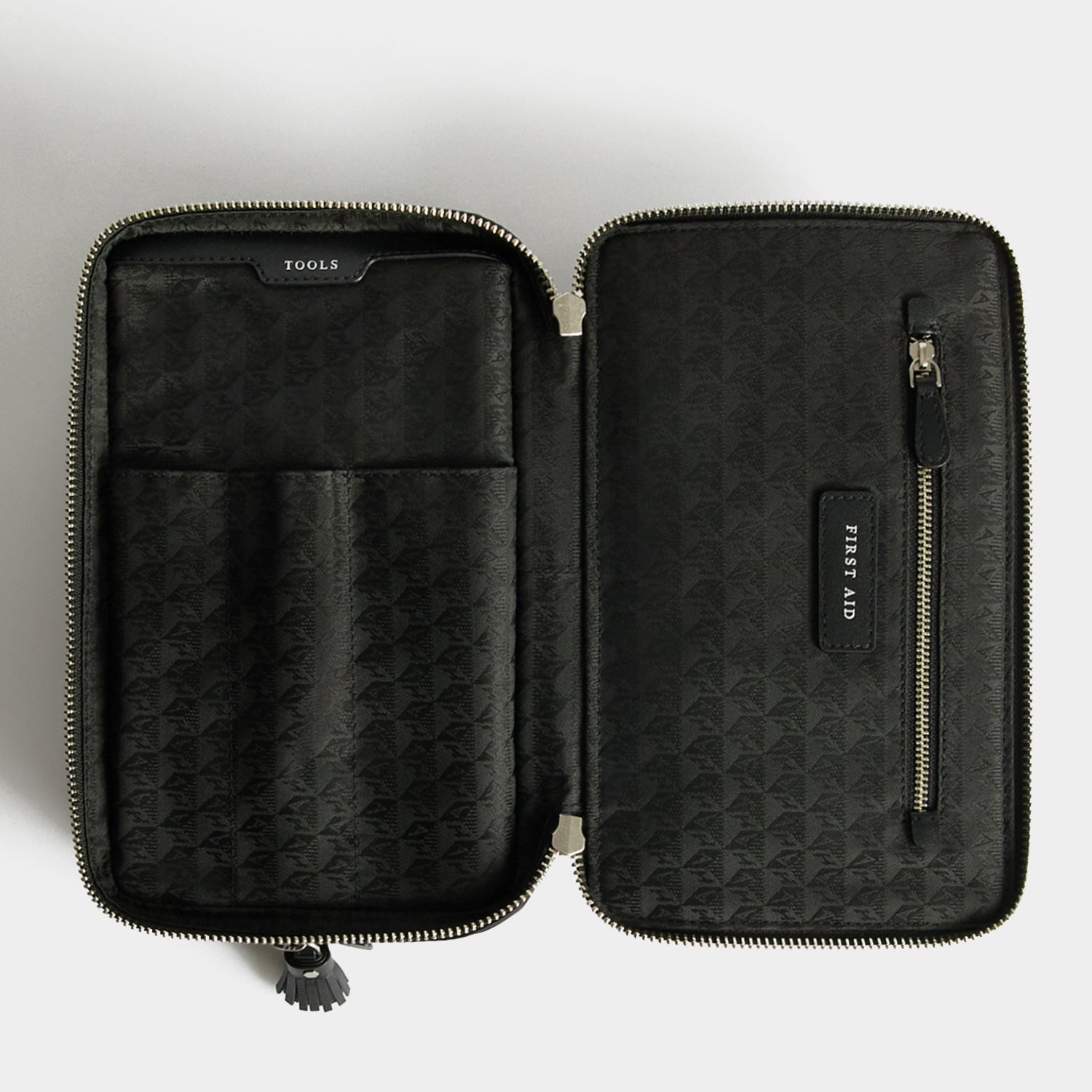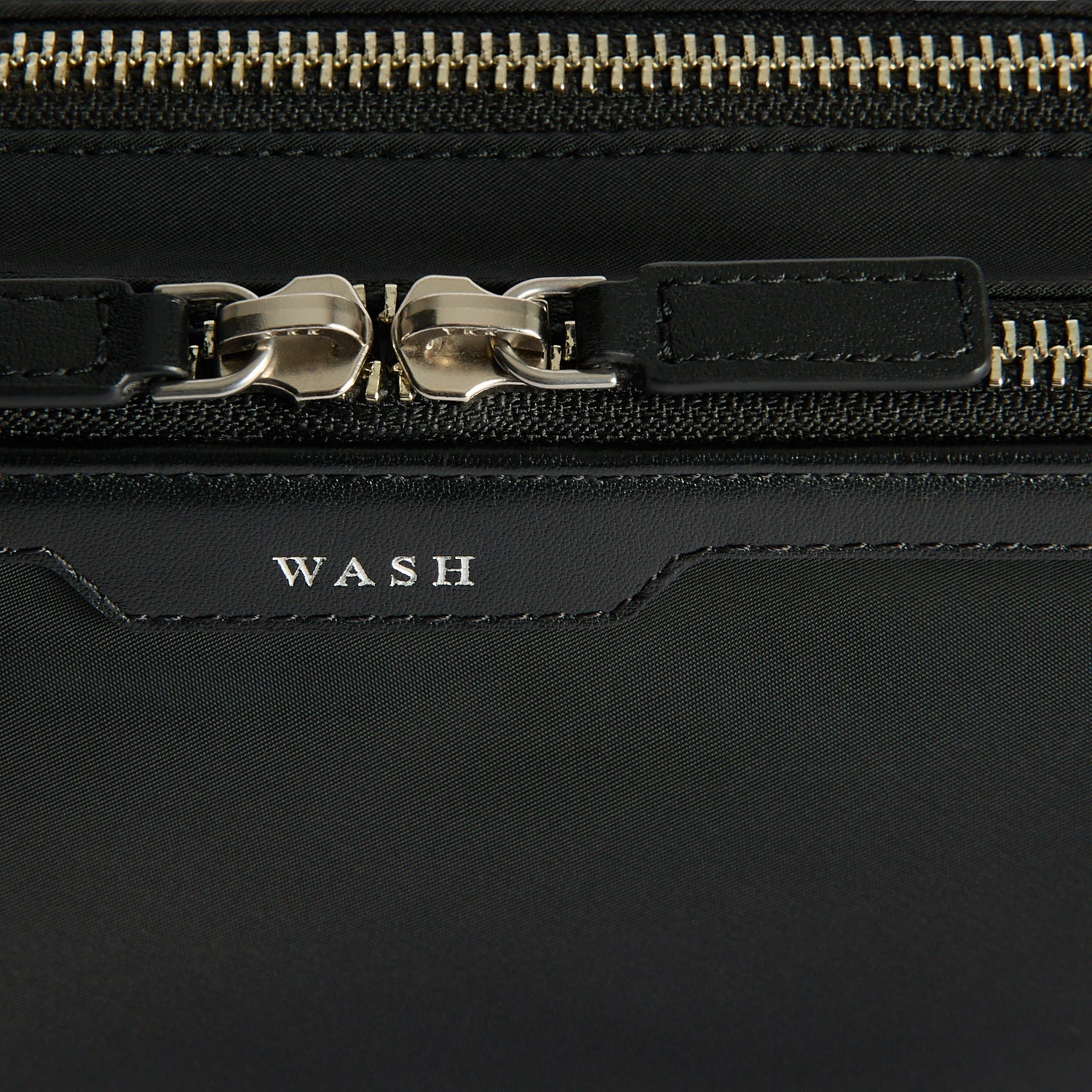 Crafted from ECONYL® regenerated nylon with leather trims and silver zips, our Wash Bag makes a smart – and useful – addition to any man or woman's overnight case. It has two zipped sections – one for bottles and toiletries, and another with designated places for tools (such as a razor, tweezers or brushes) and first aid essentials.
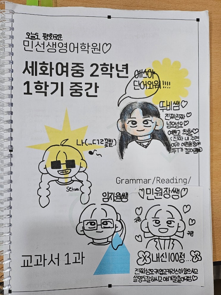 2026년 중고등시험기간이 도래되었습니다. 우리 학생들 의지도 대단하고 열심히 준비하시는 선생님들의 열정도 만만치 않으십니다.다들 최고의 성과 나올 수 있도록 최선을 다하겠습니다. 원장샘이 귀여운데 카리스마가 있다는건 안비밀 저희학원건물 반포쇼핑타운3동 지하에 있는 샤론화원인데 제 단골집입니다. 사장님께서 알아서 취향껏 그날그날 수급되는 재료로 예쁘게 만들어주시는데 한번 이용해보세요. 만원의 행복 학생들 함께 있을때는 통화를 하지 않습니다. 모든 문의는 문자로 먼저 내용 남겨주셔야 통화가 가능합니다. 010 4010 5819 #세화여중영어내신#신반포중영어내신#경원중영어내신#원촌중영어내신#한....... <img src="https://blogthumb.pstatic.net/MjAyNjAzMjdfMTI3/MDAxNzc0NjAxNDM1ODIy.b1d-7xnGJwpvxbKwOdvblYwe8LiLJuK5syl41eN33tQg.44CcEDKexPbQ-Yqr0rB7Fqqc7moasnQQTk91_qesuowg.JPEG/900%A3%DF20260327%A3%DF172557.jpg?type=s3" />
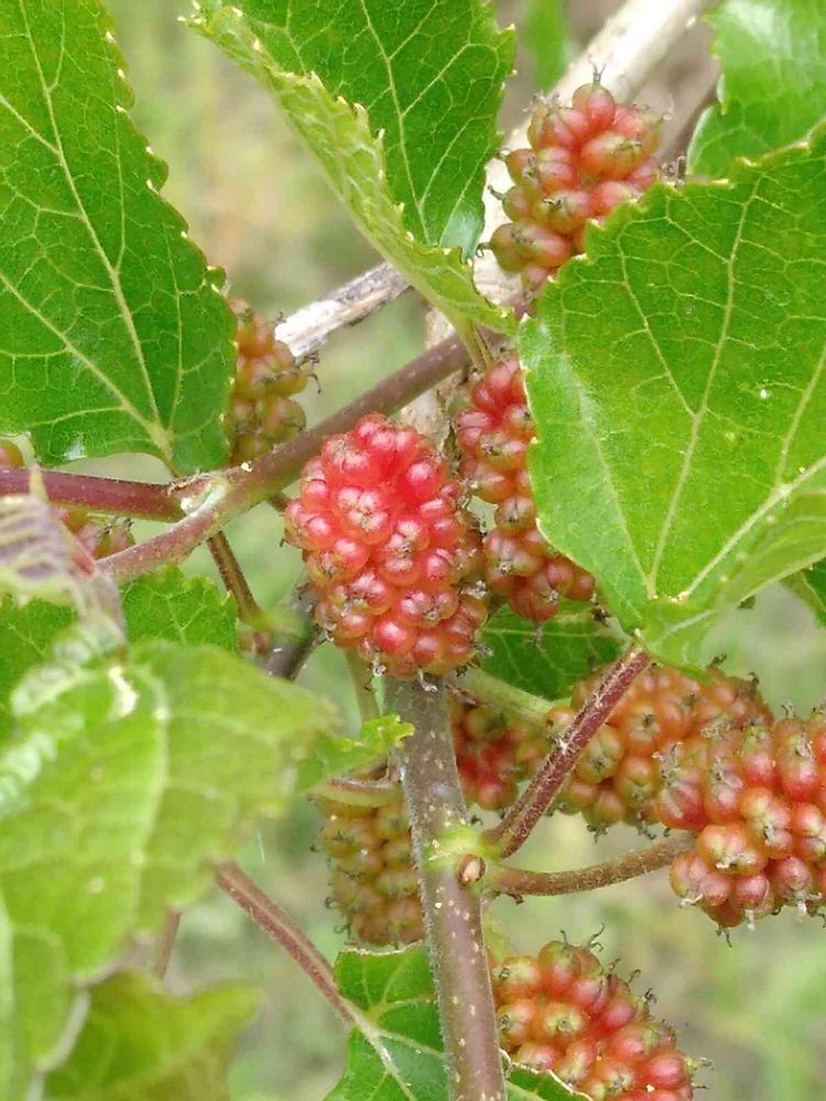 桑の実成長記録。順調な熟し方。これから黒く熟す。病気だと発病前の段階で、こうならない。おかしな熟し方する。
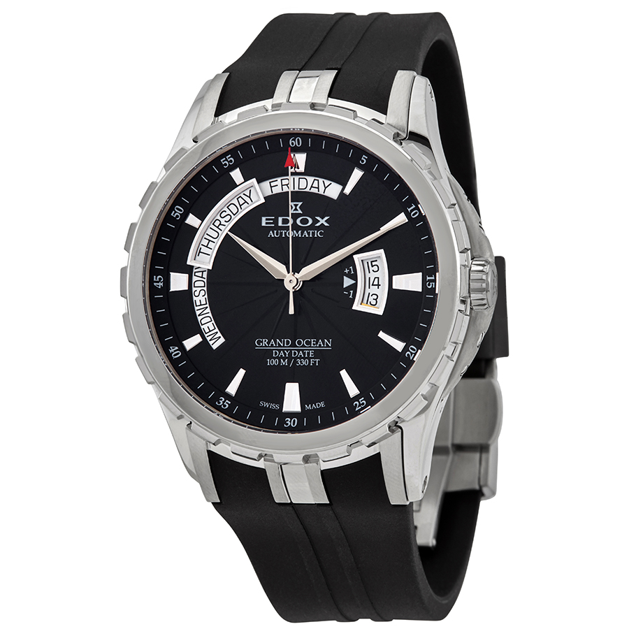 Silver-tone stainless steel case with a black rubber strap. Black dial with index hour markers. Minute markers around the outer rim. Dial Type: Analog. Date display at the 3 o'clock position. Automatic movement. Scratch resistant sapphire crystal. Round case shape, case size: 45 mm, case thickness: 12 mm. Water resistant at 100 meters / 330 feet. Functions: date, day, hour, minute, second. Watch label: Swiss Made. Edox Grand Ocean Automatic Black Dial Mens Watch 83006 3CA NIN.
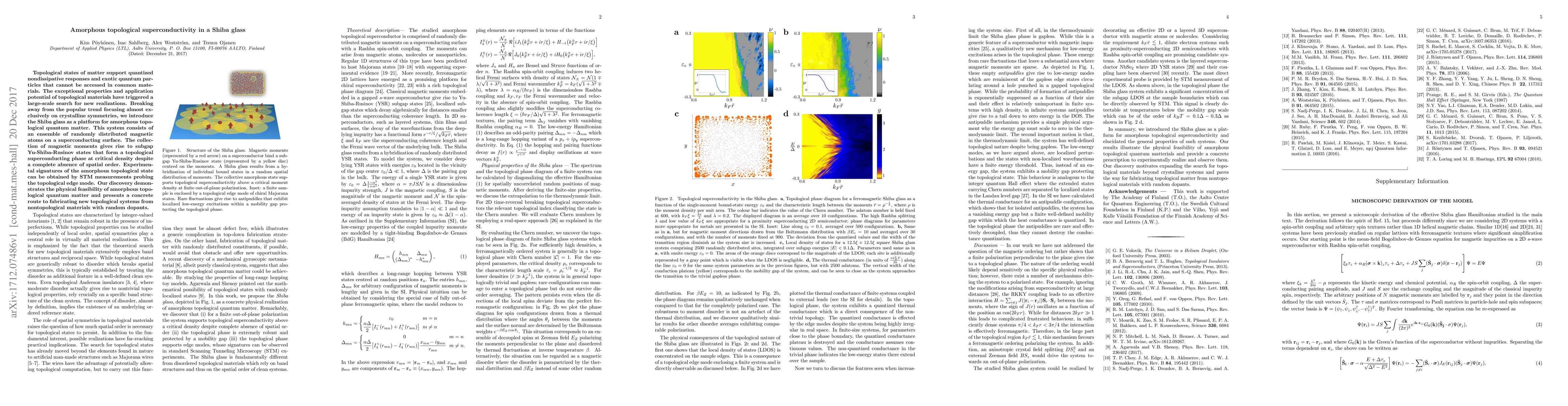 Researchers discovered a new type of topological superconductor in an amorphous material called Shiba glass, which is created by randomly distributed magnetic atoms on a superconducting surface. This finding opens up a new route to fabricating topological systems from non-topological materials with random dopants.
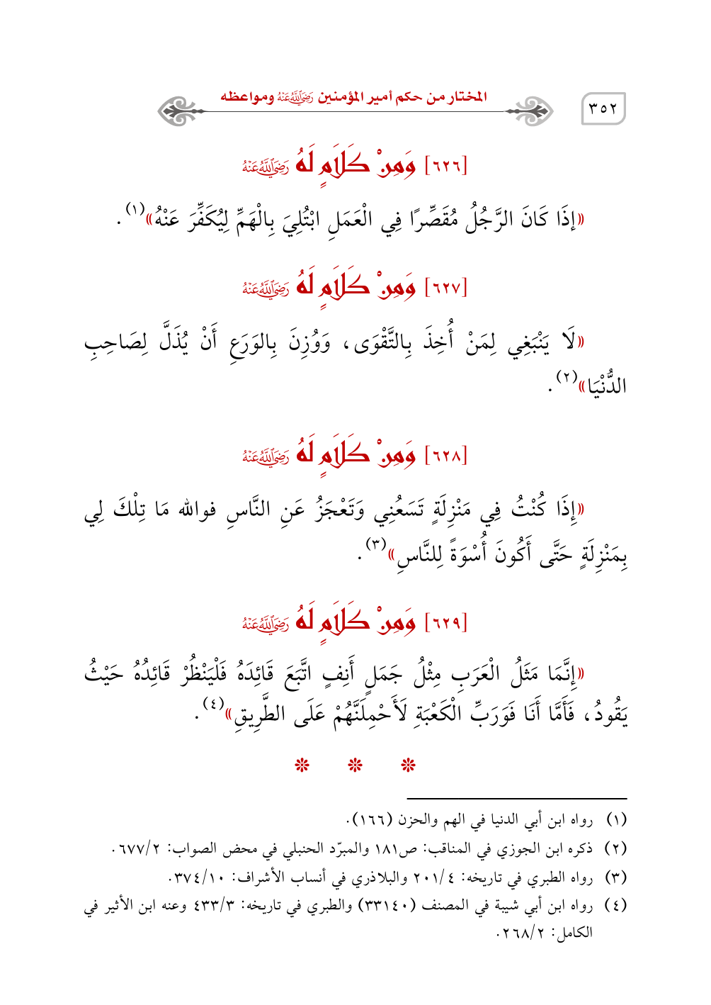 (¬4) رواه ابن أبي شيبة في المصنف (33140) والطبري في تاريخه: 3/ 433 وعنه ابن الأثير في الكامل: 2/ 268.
══════════════════════════════
→ **ACTION ITEM**:
Reproduce the complete set of records verbatim and omit the pictures.

→ **ANSWER**:
 Crafted from ECONYL® regenerated nylon with leather trims and silver zips, our Wash Bag makes a smart – and useful – addition to any man or woman's overnight case. It has two zipped sections – one for bottles and toiletries, and another with designated places for tools (such as a razor, tweezers or brushes) and first aid essentials.
 2026년 중고등시험기간이 도래되었습니다. 우리 학생들 의지도 대단하고 열심히 준비하시는 선생님들의 열정도 만만치 않으십니다.다들 최고의 성과 나올 수 있도록 최선을 다하겠습니다. 원장샘이 귀여운데 카리스마가 있다는건 안비밀 저희학원건물 반포쇼핑타운3동 지하에 있는 샤론화원인데 제 단골집입니다. 사장님께서 알아서 취향껏 그날그날 수급되는 재료로 예쁘게 만들어주시는데 한번 이용해보세요. 만원의 행복 학생들 함께 있을때는 통화를 하지 않습니다. 모든 문의는 문자로 먼저 내용 남겨주셔야 통화가 가능합니다. 010 4010 5819 #세화여중영어내신#신반포중영어내신#경원중영어내신#원촌중영어내신#한....... <img src="https://blogthumb.pstatic.net/MjAyNjAzMjdfMTI3/MDAxNzc0NjAxNDM1ODIy.b1d-7xnGJwpvxbKwOdvblYwe8LiLJuK5syl41eN33tQg.44CcEDKexPbQ-Yqr0rB7Fqqc7moasnQQTk91_qesuowg.JPEG/900%A3%DF20260327%A3%DF172557.jpg?type=s3" />
 桑の実成長記録。順調な熟し方。これから黒く熟す。病気だと発病前の段階で、こうならない。おかしな熟し方する。
 Silver-tone stainless steel case with a black rubber strap. Black dial with index hour markers. Minute markers around the outer rim. Dial Type: Analog. Date display at the 3 o'clock position. Automatic movement. Scratch resistant sapphire crystal. Round case shape, case size: 45 mm, case thickness: 12 mm. Water resistant at 100 meters / 330 feet. Functions: date, day, hour, minute, second. Watch label: Swiss Made. Edox Grand Ocean Automatic Black Dial Mens Watch 83006 3CA NIN.
 Researchers discovered a new type of topological superconductor in an amorphous material called Shiba glass, which is created by randomly distributed magnetic atoms on a superconducting surface. This finding opens up a new route to fabricating topological systems from non-topological materials with random dopants.
 (¬4) رواه ابن أبي شيبة في المصنف (33140) والطبري في تاريخه: 3/ 433 وعنه ابن الأثير في الكامل: 2/ 268.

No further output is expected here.